La Turquie a annoncé vendredi une série de nouvelles mesures contre Israël, dans le contexte de la guerre à Gaza. Le ministre turc des Affaires étrangères, Hakan Fidan, a déclaré devant le Parlement qu’Ankara interdisait désormais aux navires israéliens d’accéder à ses ports, et réciproquement aux navires turcs d’utiliser les ports israéliens. Des restrictions ciblées sont également imposées à certains avions entrant dans l’espace aérien turc.
Ces annonces officialisent des mesures déjà partiellement mises en œuvre ces dernières semaines. Des sources maritimes avaient en effet indiqué que les autorités portuaires turques exigeaient désormais des agents maritimes des lettres garantissant que les navires n’avaient aucun lien avec Israël et ne transportaient pas de cargaisons militaires ou dangereuses à destination du pays.
« Nous avons totalement coupé nos échanges commerciaux avec Israël, nous avons fermé nos ports aux navires israéliens et nous n’autorisons pas les navires turcs à se rendre dans les ports israéliens », a affirmé Fidan, justifiant cette décision par l’ampleur des attaques israéliennes sur Gaza.
La Turquie accuse Israël de commettre un génocide dans l’enclave palestinienne, une accusation rejetée par Tel-Aviv. Ankara a déjà suspendu l’ensemble de son commerce avec Israël et appelle la communauté internationale à prendre des mesures fermes, exhortant les grandes puissances à cesser leur soutien au gouvernement de Benyamin Netanyahu.

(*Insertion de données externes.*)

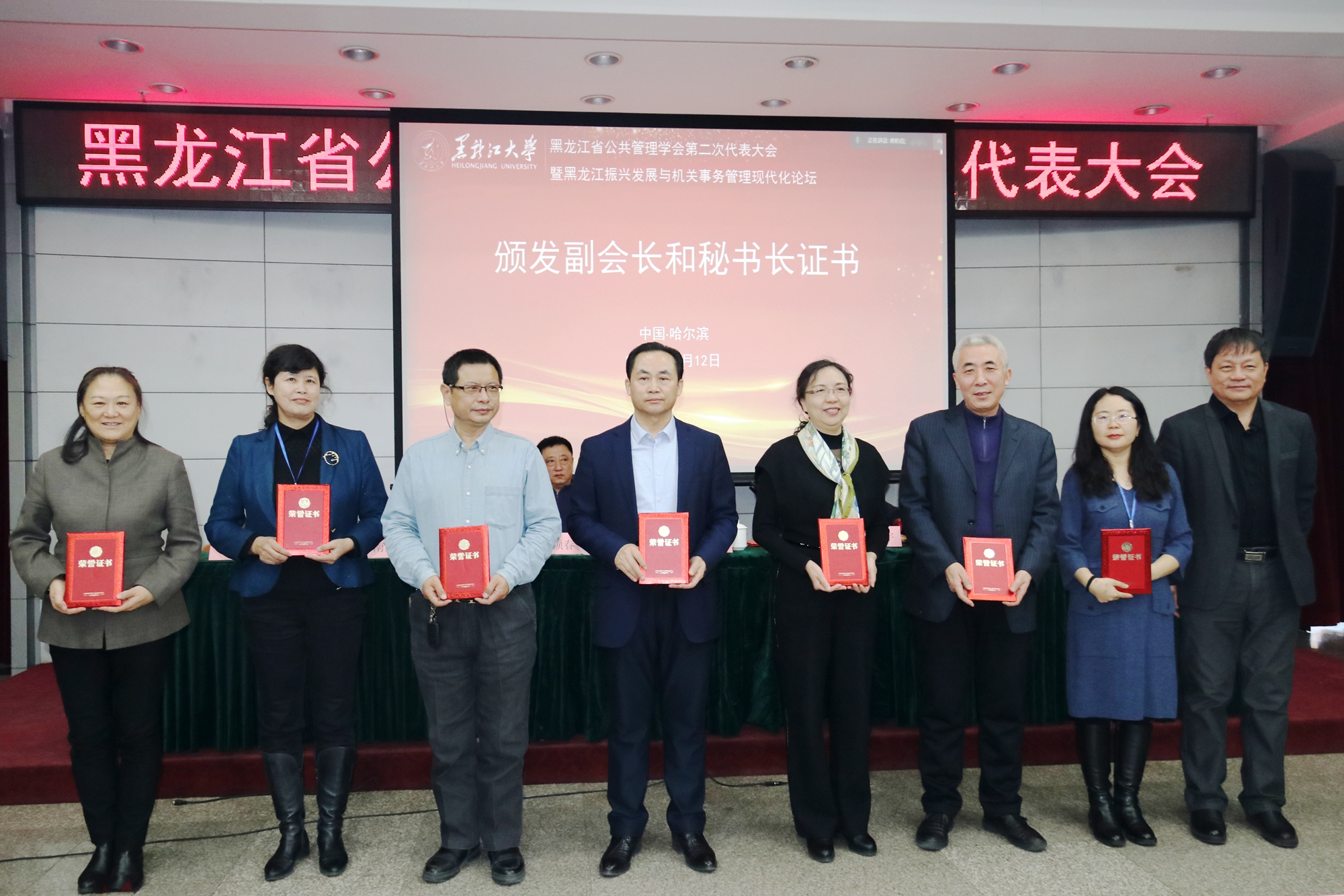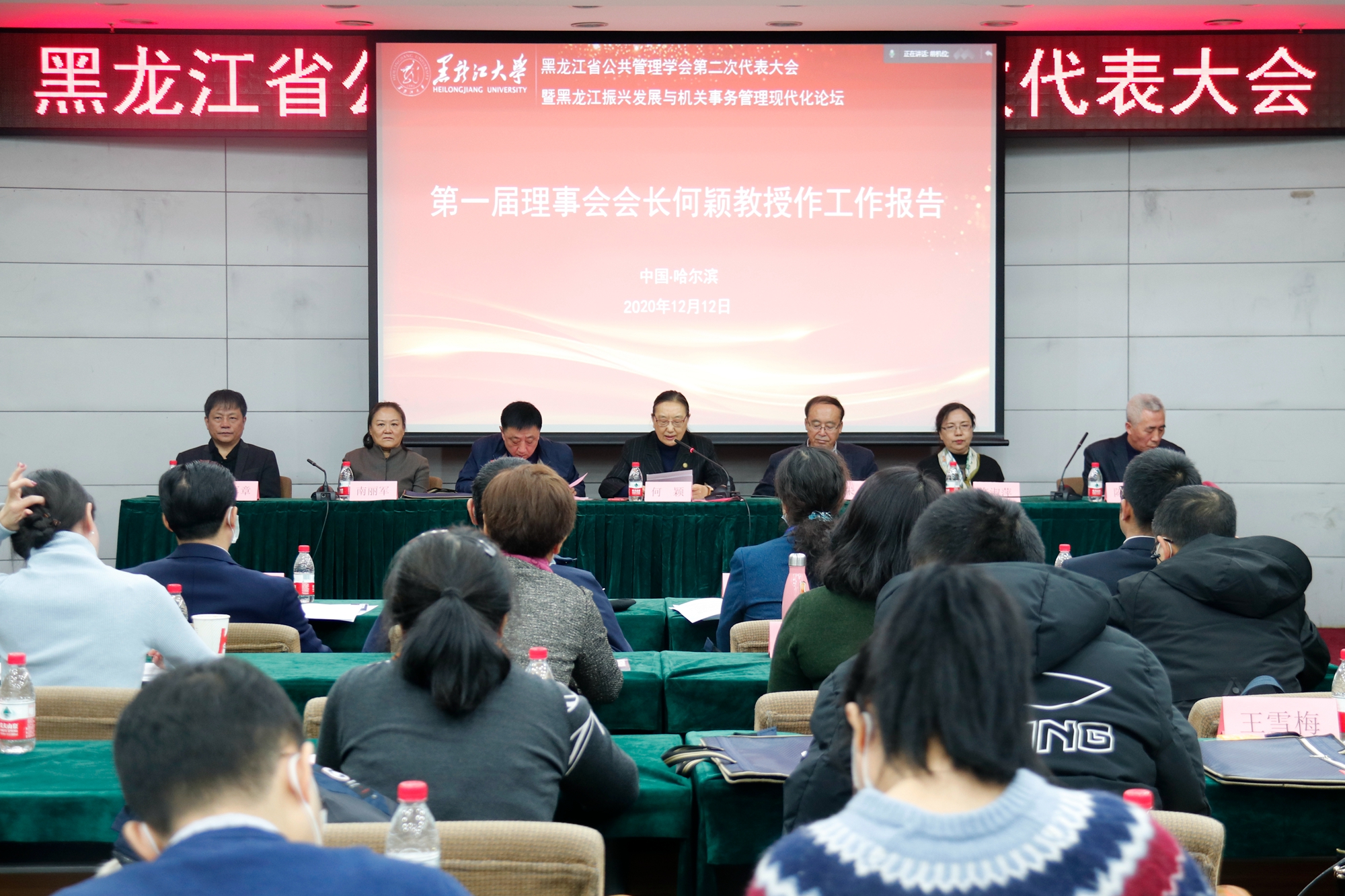 12月12日,黑龙江省公共管理学会第二次代表大会暨黑龙江振兴发展与机关事务管理现代化论坛在我校召开。本次大会由黑龙江省公共管理学会主办,HG8088皇冠政府管理学院、黑龙江省社会管理研究基地、HG8088皇冠机关事务管理研究中心、HG8088皇冠行政管理研究中心承办。省公共管理学会会长何颖,省政治学会会长朱宇,我校副校长张颖春,来自省机关事务管理局、中共哈尔滨市委党校等50余家单位代表参加会议。会议由省公共管理学会秘书长教军章主持。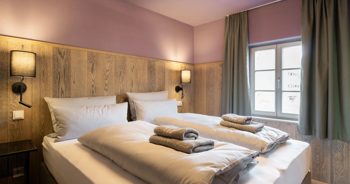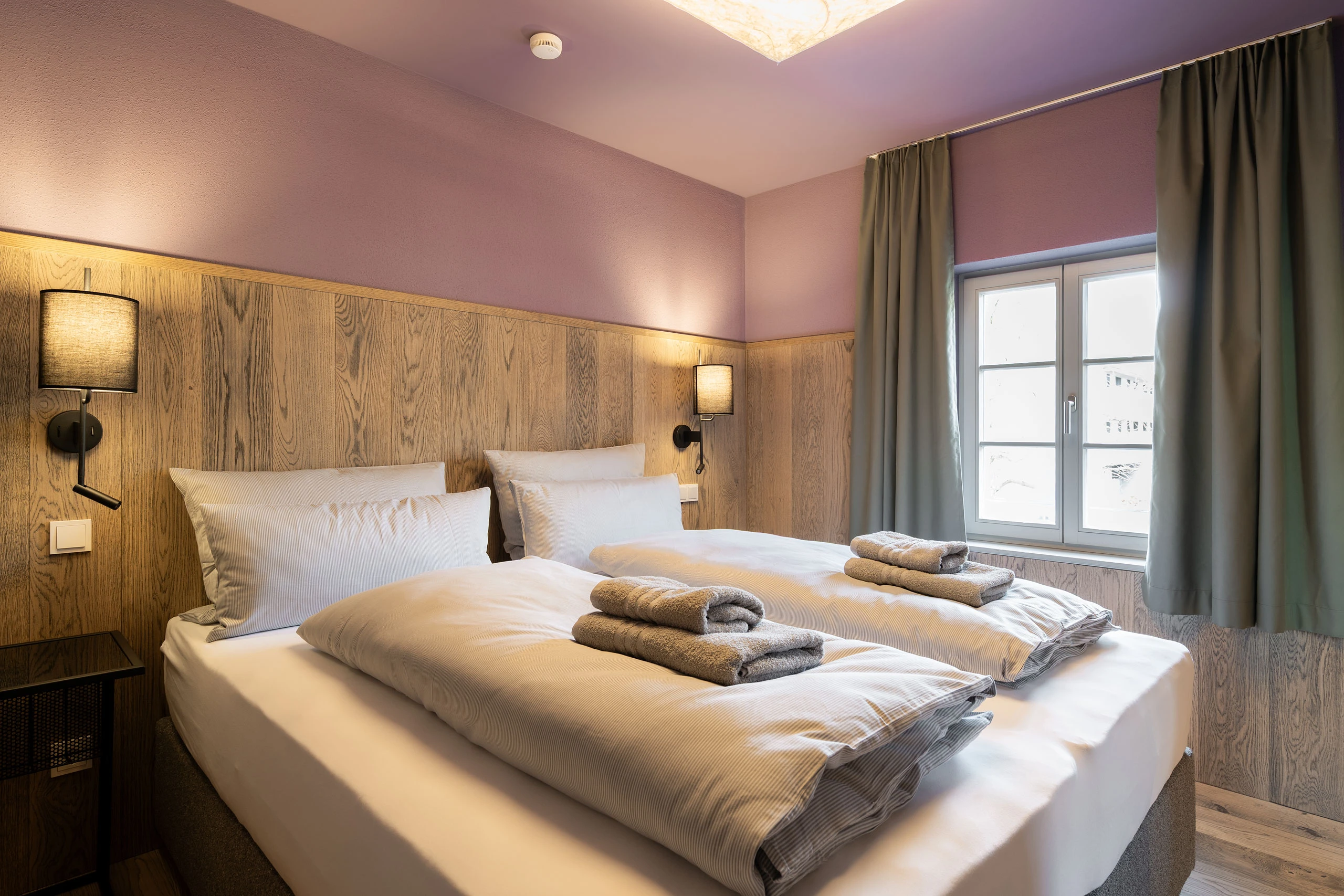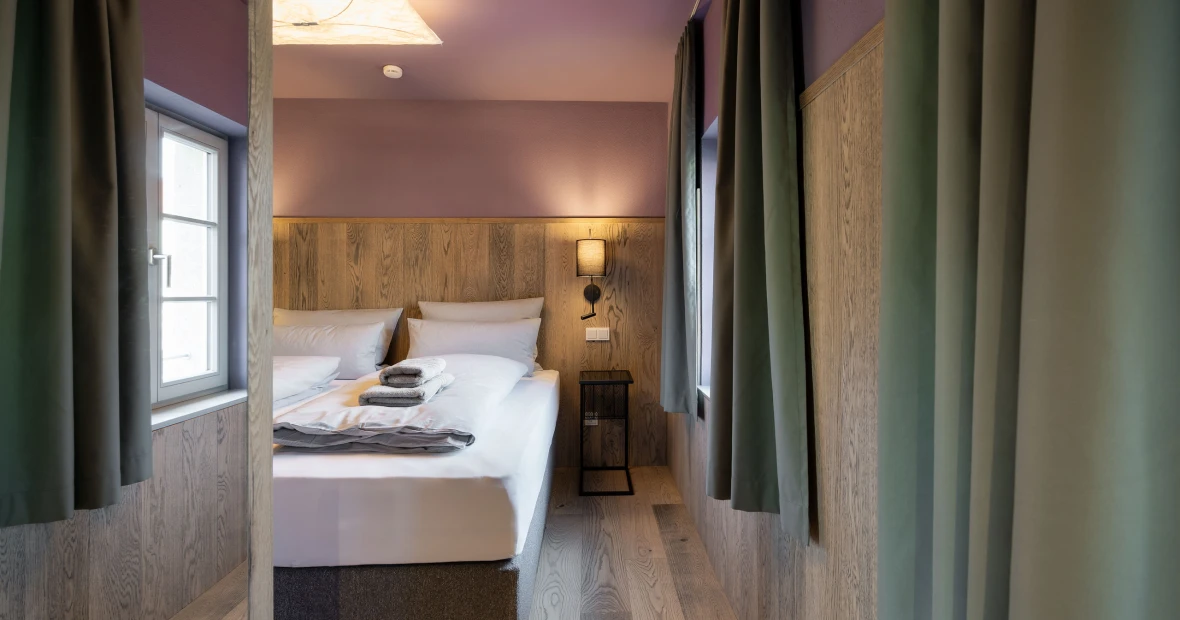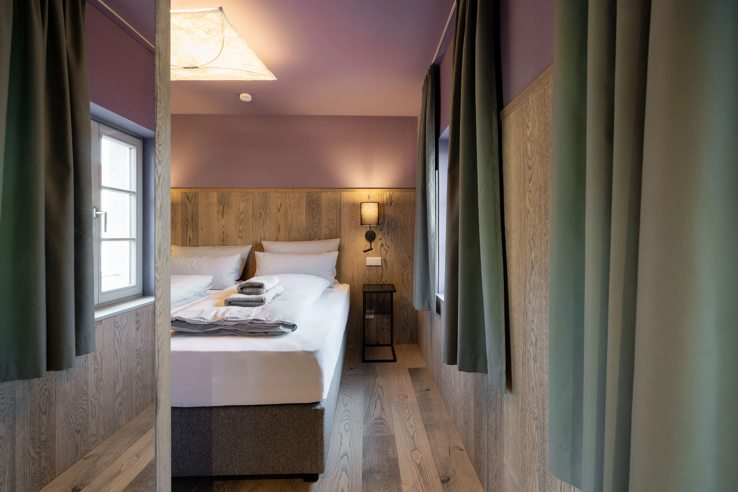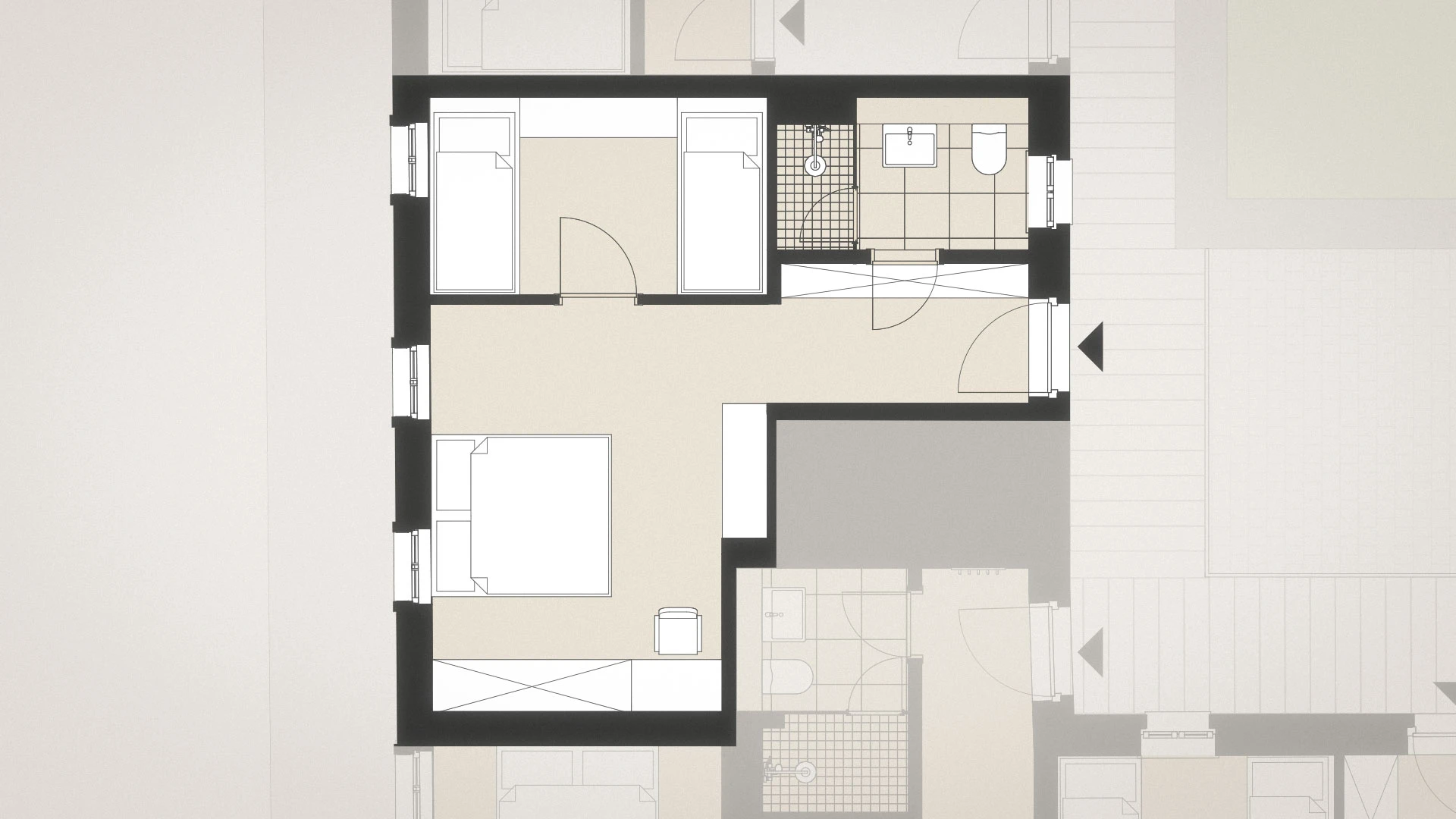 Zwei getrennte Einzelbetten ergänzen sich zu einem Quartier für vier. Durchdacht und praktisch, mit Blick für Privatsphäre. Das Bad mit Tageslicht bringt Frische, die klare Raumaufteilung sorgt für innere Ordnung. Ideal für ruhige Nächte nach lebendigen Tagen.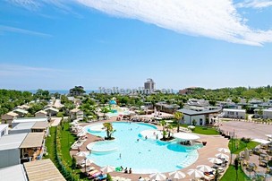 **Romagna Family Resort leží cca 1,5 km od centra Riccione, přímo u pobřežní promenády a od písečné pláže jej dělí pouze silnice, pod kterou vede praktický podchod. Pro hosty je k dispozici recepce, restaurace, bar, pizzerie, Wi-Fi ve společných prostorách zdarma, minimarket, sportovní a dětské hřiště, animace od půlky května do půlky září, prádelna na mince, půjčovna kol a parkoviště. Těšit se můžete na relaxační bazén s barem, bazén s umělou pláží a vodními atrakcemi, venkovní vířivku a sluneční terasu (slunečníky a lehátka za poplatek). Elektrický gril povolen.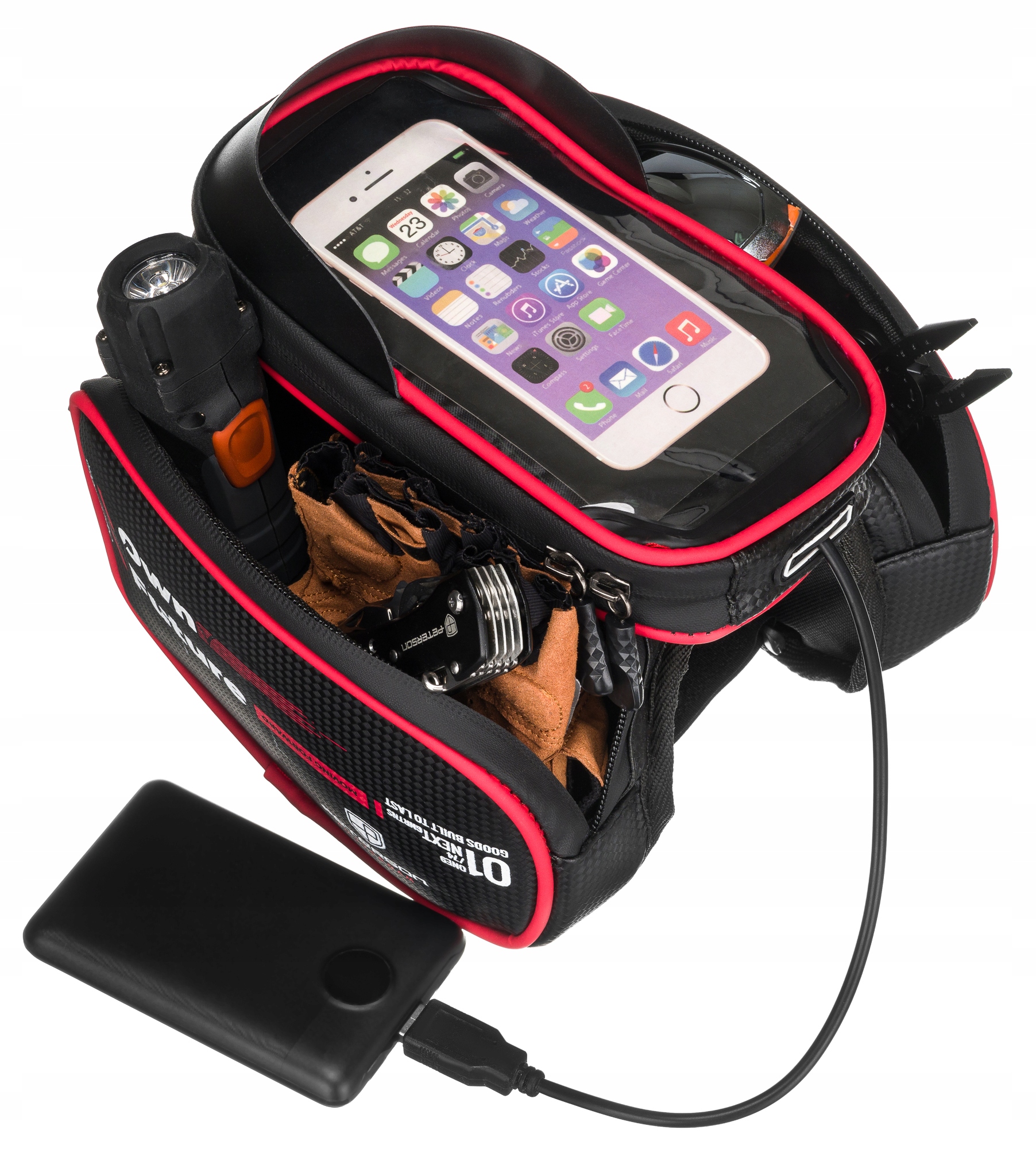 Водонепроникна сумка для рами велосипеда, завдяки якій можна перевозити дрібні предмети, такі як ключі, гаманець, навушники. Оснащений прозорим відділенням для смартфона (максимальна діагональ: 6,7 дюйма). Кріпиться на кермо за допомогою липучок. Ідеально підходить для кожного любителя двоколісних автомобілів.

Ces restrictions renforcent l’isolement diplomatique et économique d’Israël dans la région, tout en confirmant l’alignement de la Turquie sur une ligne de plus en plus dure face au conflit à Gaza. Elles illustrent aussi la volonté d’Ankara d’utiliser ses leviers économiques et stratégiques pour accroître la pression internationale.